I'm trying to make a function that counts the number of lines in a txt file. I have made the file readable earlier in the program. Here is what I've done:
Allow the program to open the file:
datahandle = open("dataset.txt")
"dataset.txt" is a notepad document with 10 rows of numbers:
18
3
10
42
50
13
100
40
77
67
Here is the function I defined:
def findn():
global count
count = 0
for countingdata in datahandle:
countingdata = countingdata.rstrip()
count = count + 1
I then call this function later with:
findn()
print(count)
When I do this the first time, it returns the correct answer (10 lines). However, if I run this again it returns 0. If I keep running it afterwards it keeps returning 0.

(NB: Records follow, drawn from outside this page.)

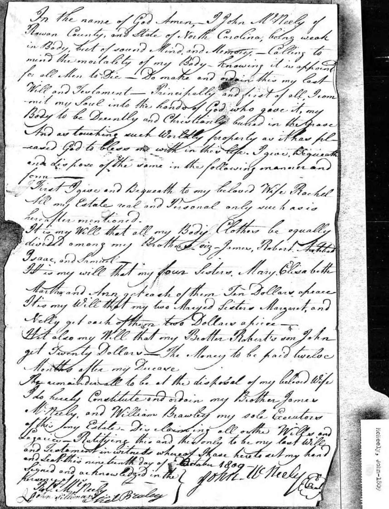 Archibald McNeely, Sr., b. Abt. 1733, ,,Bucks County,Pennsylvania,USA d. 8 Sep 1801, ,,Rowan County,North Carolina,USA (Age 68 years) |
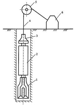 1 - долото; 2 - ударная штанга; 3 - канатный замок; 4 - канат; 5 - блок; 6 - буровой станок.
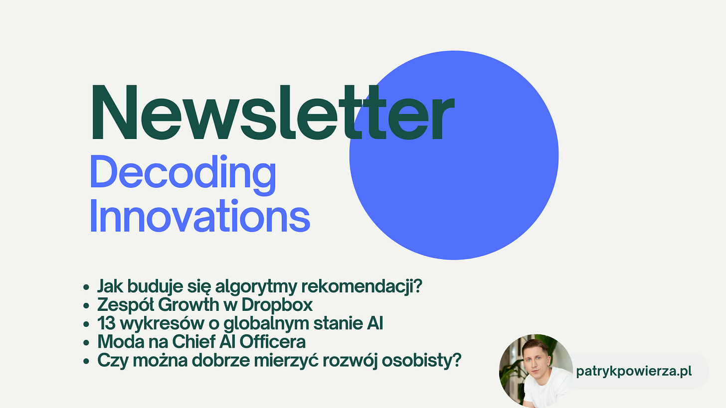 Algorytmy rekomendacji, zespół Growth w Dropbox, moda na Chief AI Officera, 13 wykresów o stanie AI oraz jak dobrze mierzyć rozwój osobisy?

I've tried making a variable that changes from true to false depending on if I've run the function before, and if I have I then just have it print "count" as it was.
I've also tried moving the place where I define count as 0 at the start outside of the function but this just doesn't work.
Obviously, the program should always return the number of lines in the file (10).
Think of datahandle
as a position in the file. Once you've iterated over it, it points to the end of the file, so the next time you iterating over it, the loop will no execute (or, you can think of it as iterating zero times).
To address this, you can reopen the file every time you call the function.
In addition, there's no point in making count
global. Instead, just return it from the function
def find():
with open("dataset.txt") as datahandle:
count = 0
for countingdata in datahandle:
countingdata = countingdata.rstrip() # Copied from OP, but not really needed.